WHAT THE EXERCISE ASKS:
What is needed is a word-for-word copy of the listing below, without pictures.

GIVEN MATERIAL:

━━━━━━━━━━━━━━━━━━━━━━━━━━━━━━

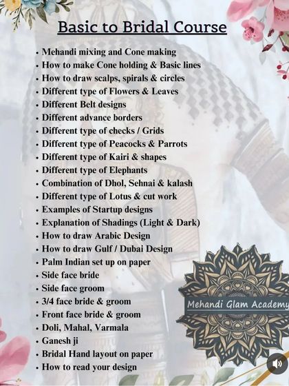 I teach mehndi art from basics to advanced bridal designs through live online and offline classes in Hindi and English, with practice materials and certification.
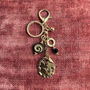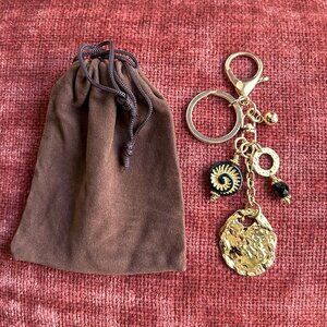GOLD HAMMERED NUGGET Black Ammonite Bag Charm
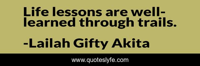"Lailah Gifty Akita Quotes." Quoteslyfe.com, 2025. Fri. 05 Dec. 2025. <https://www.quoteslyfe.com/quote/Life-lessons-are-well-learned-through-trails-116258>.

━━━━━━━━━━━━━━━━━━━━━━━━━━━━━━

ANSWER:
 I teach mehndi art from basics to advanced bridal designs through live online and offline classes in Hindi and English, with practice materials and certification.
GOLD HAMMERED NUGGET Black Ammonite Bag Charm
"Lailah Gifty Akita Quotes." Quoteslyfe.com, 2025. Fri. 05 Dec. 2025. <https://www.quoteslyfe.com/quote/Life-lessons-are-well-learned-through-trails-116258>.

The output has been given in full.